Which of the following gases occupy the smallest volume at STP?
a) 1.000 mol carbon dioxide
b) 4.032 g H2
c) 35.45 g Cl2
d) 6.022 x 10^23 molecules of O2
Why not just calculate the volume of each?
mols = grams/molar mass
mols = molecules/6.022E23
Use PV = nRT
To determine which gas occupies the smallest volume at STP (Standard Temperature and Pressure), we need to compare the number of moles of each gas. Using Avogadro's Law, we know that equal volumes of gases at the same temperature and pressure contain an equal number of molecules or moles.
Let's calculate the number of moles for each gas:
a) For 1.000 mol of carbon dioxide (CO2), the number of moles is already given as 1.000 mol.

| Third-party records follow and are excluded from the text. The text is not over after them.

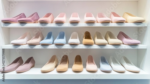 A high-end boutique display showcasing stylish ballet flats in a variety of soft pastel shades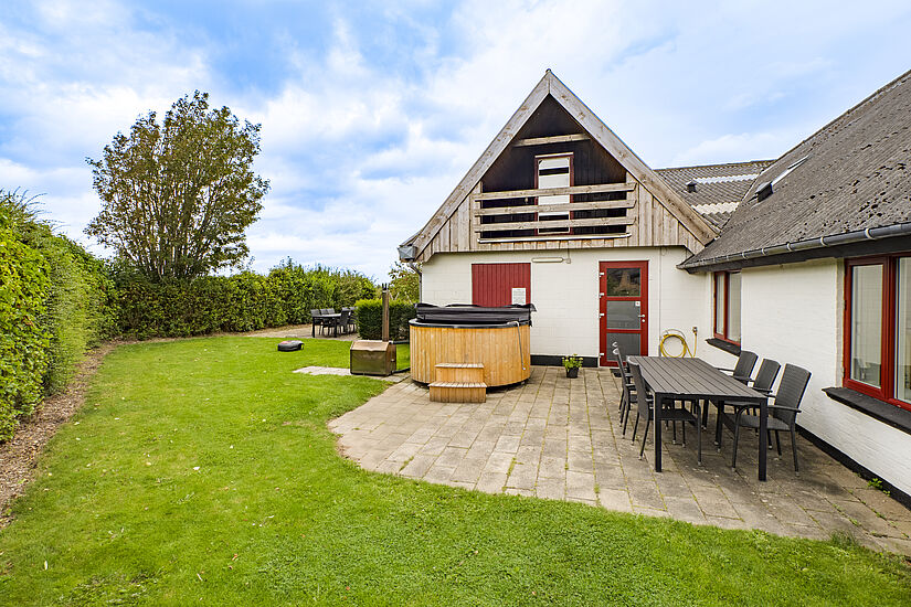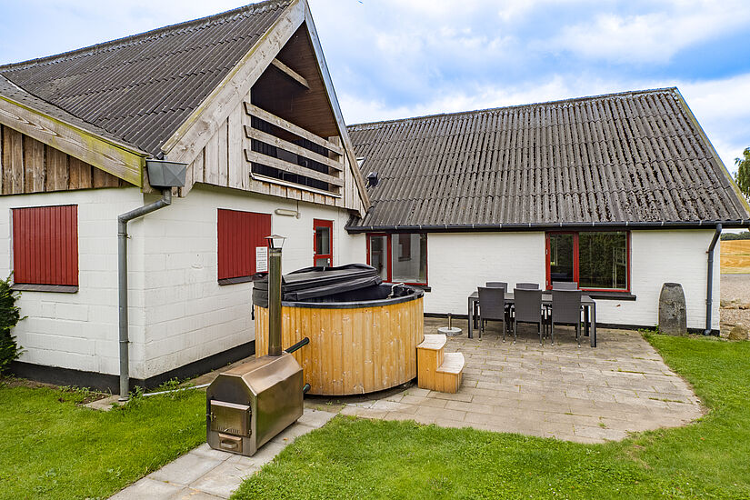 Intet slår en sommeraften, hvor man sidder ude og griller. Der er 2 kuglegrill til kul. Det store feriehus har fem terrasser med havemøbler til de lange sommeraftener. Bålpladsen kan også tages i brug.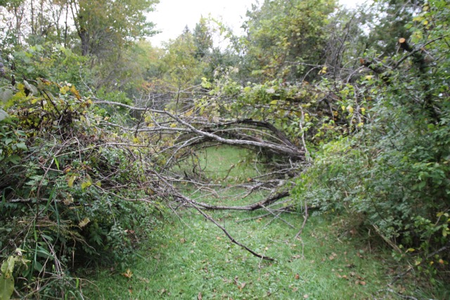 The path has suffered wind damage from storms. Most of it was cleaned up. I crawled through this with the backpack on! These are young dead elm trees, with wild grapes weighing them down.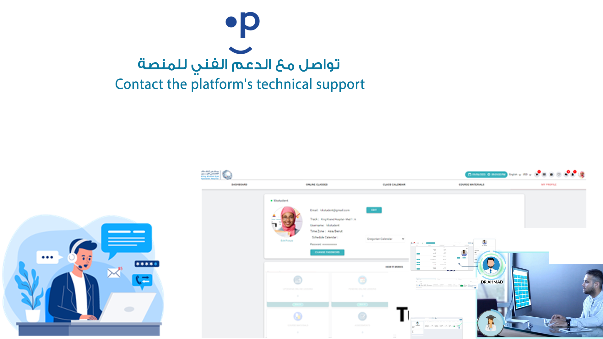 بدء محادثة الدعم الفني: داخل نافذة الدردشة، يمكنك كتابة استفسارك أو طلب المساعدة. قد يكون هذا متعلقًا بالمواد الدراسية أو مشكلات تقنية أو أي استفسار إداري. اضغط على "إدخال" لإرسال سؤالك.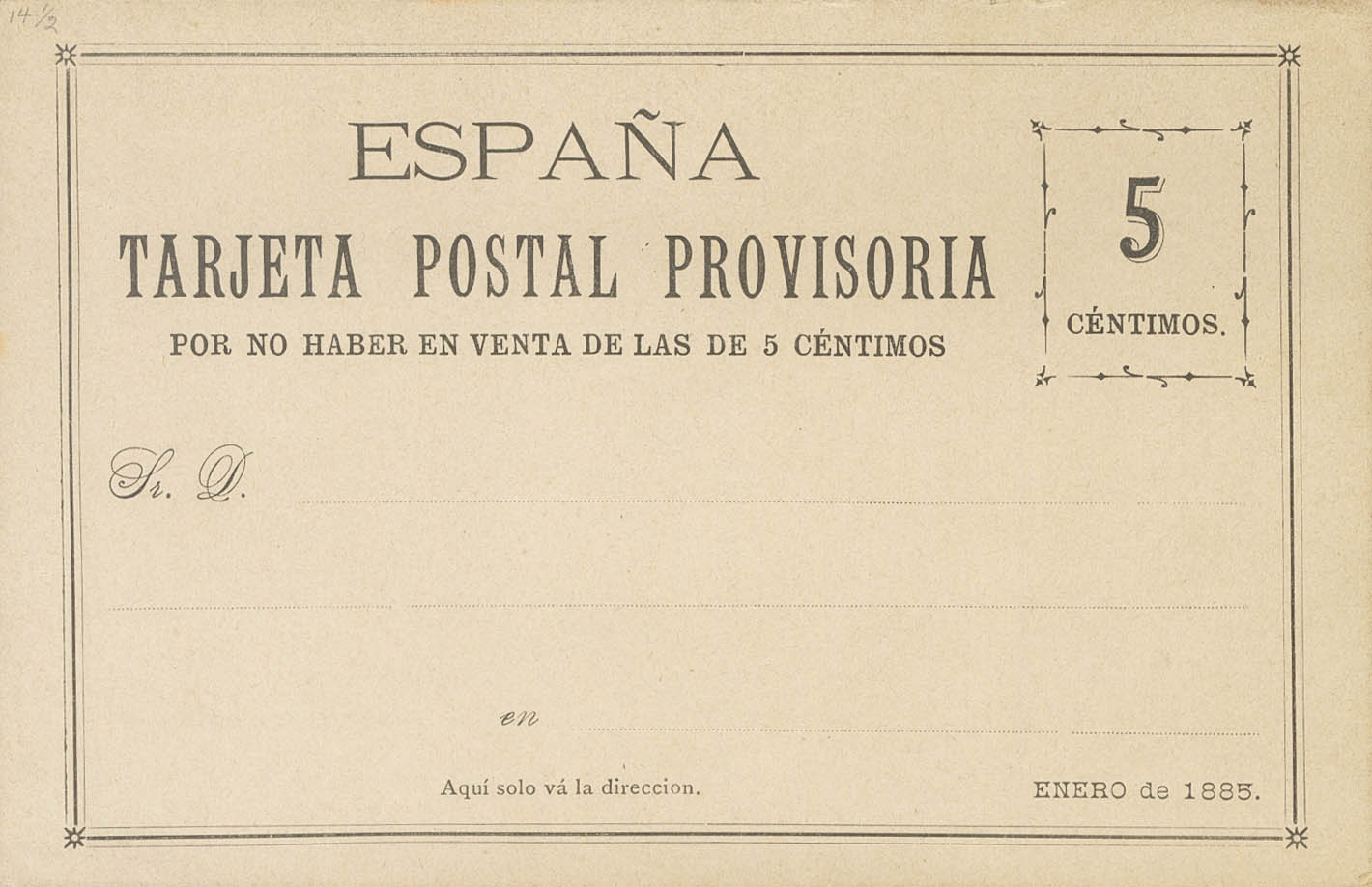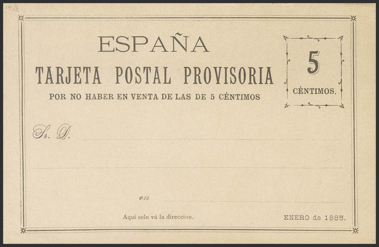 (★) EPCC1. 1885. 5 cts negro. TARJETA POSTAL PROVISORIA DE CARRERAS CANDI (sin la marquilla violeta). MAGNIFICA.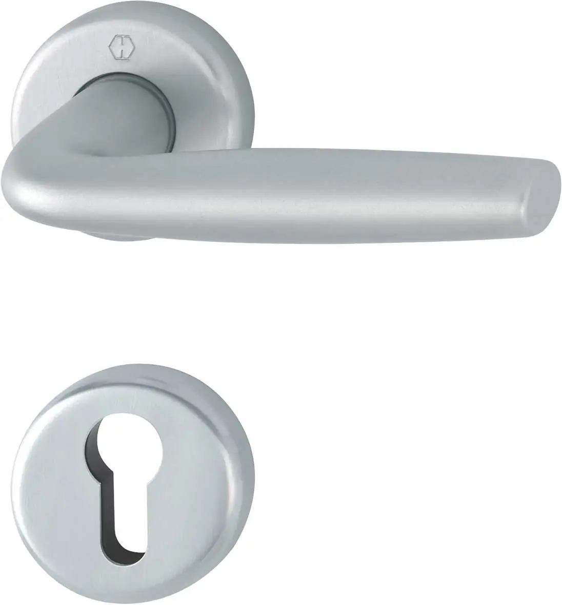 Guarnitura completa per porte interne, composta da coppia di maniglie Milos con rosetta e bocchetta HOPPE in alluminio, progettata per garantire durata, funzionalità e un design elegante e moderno. La versione fisso/girevole è dotata di molle di richiamo, che assicurano il ritorno fluido della maniglia dopo l’uso, e di anelli di guida esenti da manutenzione, garantendo un movimento costante e senza usura. La sottocostruzione in resina conferisce maggiore stabilità e resistenza, aumentando la longevità della guarnitura anche in utilizzi frequenti.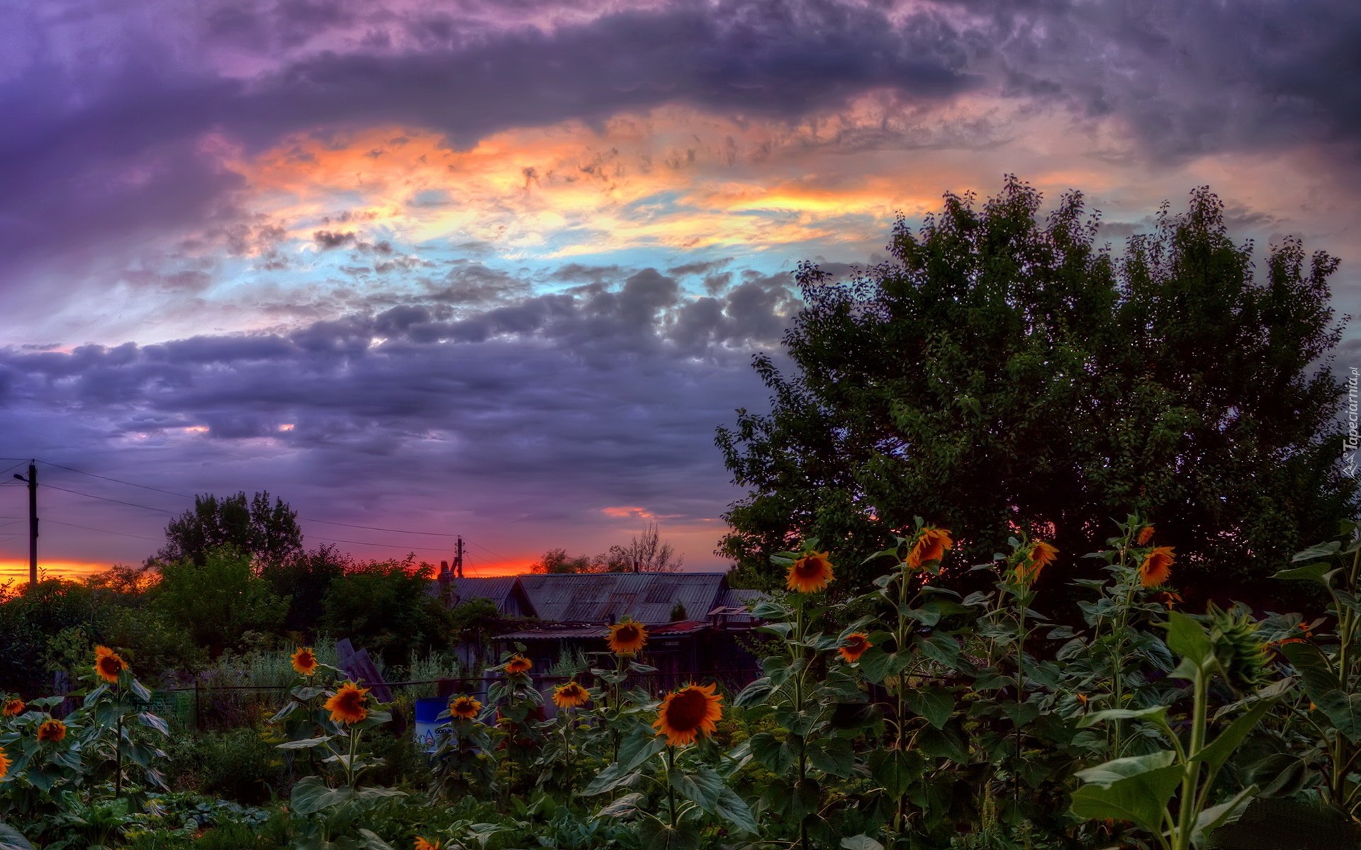 Edytor tapety: Zachód, Słońca, Chmury, Słoneczniki

b) To calculate the number of moles for 4.032 g of hydrogen gas (H2), we need to use the molar mass of hydrogen. The molar mass of hydrogen is 2.016 g/mol (1 g/mol for each hydrogen atom). We can calculate the number of moles using the formula:
Number of moles = Mass / Molar mass
Number of moles = 4.032 g / 2.016 g/mol = 2.00 mol
c) To calculate the number of moles for 35.45 g of chlorine gas (Cl2), we need to use the molar mass of chlorine. The molar mass of chlorine is 35.45 g/mol (17.45 g/mol for each chlorine atom). We can calculate the number of moles using the formula:
Number of moles = Mass / Molar mass
Number of moles = 35.45 g / 35.45 g/mol = 1.00 mol
d) For 6.022 x 10^23 molecules of oxygen gas (O2), we need to convert the number of molecules to moles. Avogadro's number states that 1 mole of any substance contains 6.022 x 10^23 particles (atoms, molecules, etc.). Since we have 6.022 x 10^23 molecules of O2, we have:
Number of moles = Number of molecules / Avogadro's number
Number of moles = 6.022 x 10^23 / (6.022 x 10^23/mol) = 1.00 mol
Comparing the number of moles for each gas, we see that all gases occupy the same volume at STP. Therefore, the gases in options a), b), c), and d) all occupy the same volume at STP.